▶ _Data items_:
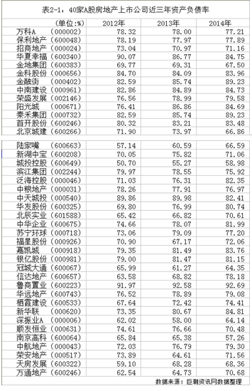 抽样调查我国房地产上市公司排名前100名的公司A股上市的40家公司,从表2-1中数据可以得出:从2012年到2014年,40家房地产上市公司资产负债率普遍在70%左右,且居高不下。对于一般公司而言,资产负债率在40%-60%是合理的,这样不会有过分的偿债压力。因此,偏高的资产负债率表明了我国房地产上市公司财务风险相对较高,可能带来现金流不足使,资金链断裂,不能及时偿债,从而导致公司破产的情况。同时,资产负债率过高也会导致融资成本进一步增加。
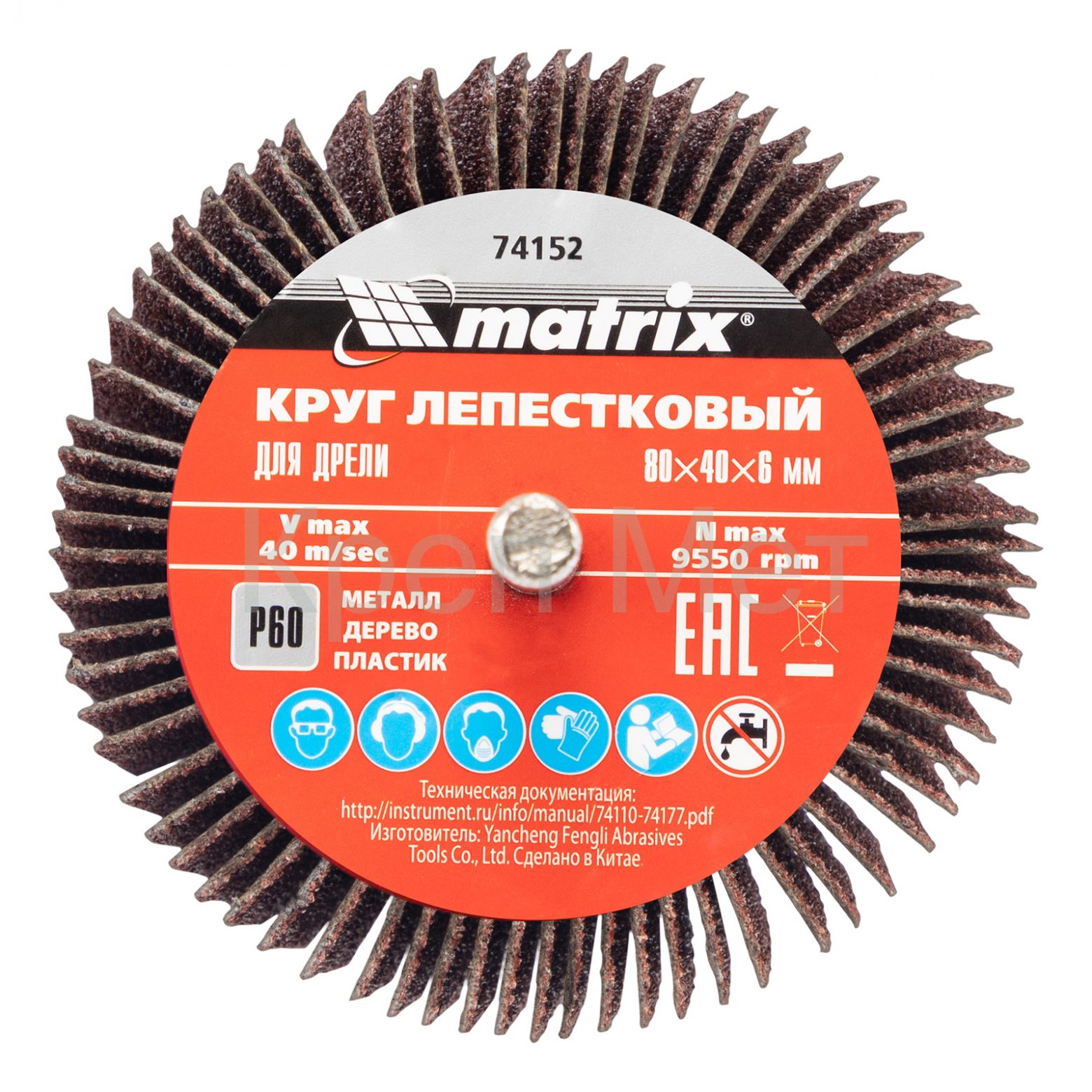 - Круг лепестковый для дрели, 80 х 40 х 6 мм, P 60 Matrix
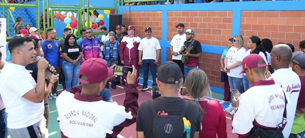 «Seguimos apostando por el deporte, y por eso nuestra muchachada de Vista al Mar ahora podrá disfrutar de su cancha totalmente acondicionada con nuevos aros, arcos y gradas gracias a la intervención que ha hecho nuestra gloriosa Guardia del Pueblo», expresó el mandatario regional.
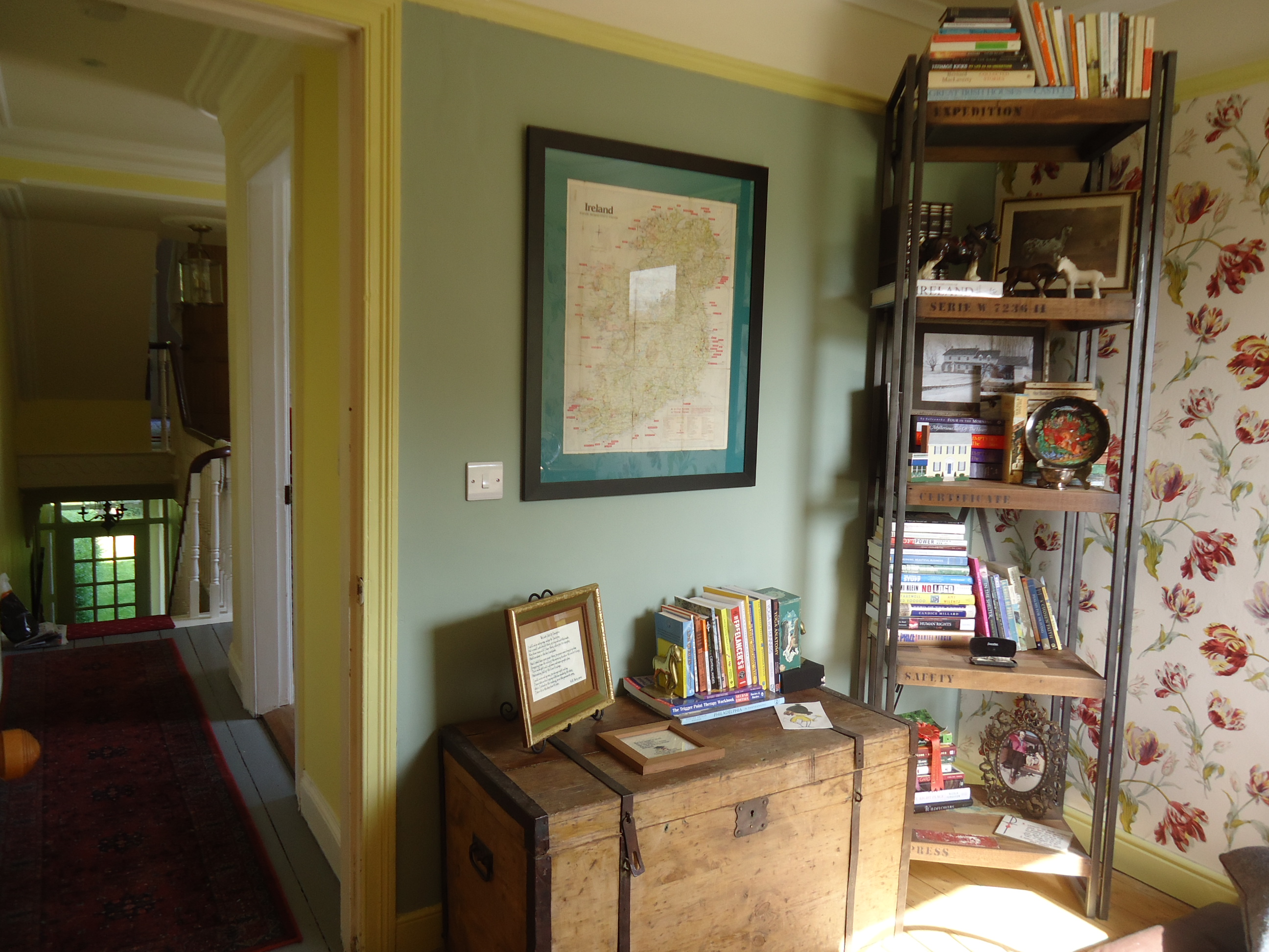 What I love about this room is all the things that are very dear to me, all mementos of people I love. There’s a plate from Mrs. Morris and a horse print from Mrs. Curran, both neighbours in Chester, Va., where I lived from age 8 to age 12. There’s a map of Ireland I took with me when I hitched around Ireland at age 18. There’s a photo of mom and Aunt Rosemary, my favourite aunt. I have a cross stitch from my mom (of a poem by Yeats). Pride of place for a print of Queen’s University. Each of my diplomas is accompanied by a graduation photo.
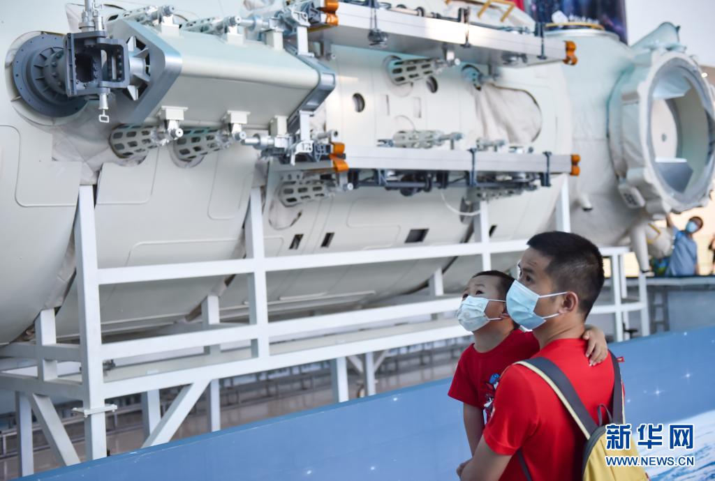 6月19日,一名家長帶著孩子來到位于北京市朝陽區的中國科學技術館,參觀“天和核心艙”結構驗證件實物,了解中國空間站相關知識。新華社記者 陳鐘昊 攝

▶ _Assignment_:
Exclude the pictures and transcribe all of the entries exactly.

▶ _Your solution_:
 抽样调查我国房地产上市公司排名前100名的公司A股上市的40家公司,从表2-1中数据可以得出:从2012年到2014年,40家房地产上市公司资产负债率普遍在70%左右,且居高不下。对于一般公司而言,资产负债率在40%-60%是合理的,这样不会有过分的偿债压力。因此,偏高的资产负债率表明了我国房地产上市公司财务风险相对较高,可能带来现金流不足使,资金链断裂,不能及时偿债,从而导致公司破产的情况。同时,资产负债率过高也会导致融资成本进一步增加。
 - Круг лепестковый для дрели, 80 х 40 х 6 мм, P 60 Matrix
 «Seguimos apostando por el deporte, y por eso nuestra muchachada de Vista al Mar ahora podrá disfrutar de su cancha totalmente acondicionada con nuevos aros, arcos y gradas gracias a la intervención que ha hecho nuestra gloriosa Guardia del Pueblo», expresó el mandatario regional.
 What I love about this room is all the things that are very dear to me, all mementos of people I love. There’s a plate from Mrs. Morris and a horse print from Mrs. Curran, both neighbours in Chester, Va., where I lived from age 8 to age 12. There’s a map of Ireland I took with me when I hitched around Ireland at age 18. There’s a photo of mom and Aunt Rosemary, my favourite aunt. I have a cross stitch from my mom (of a poem by Yeats). Pride of place for a print of Queen’s University. Each of my diplomas is accompanied by a graduation photo.
 6月19日,一名家長帶著孩子來到位于北京市朝陽區的中國科學技術館,參觀“天和核心艙”結構驗證件實物,了解中國空間站相關知識。新華社記者 陳鐘昊 攝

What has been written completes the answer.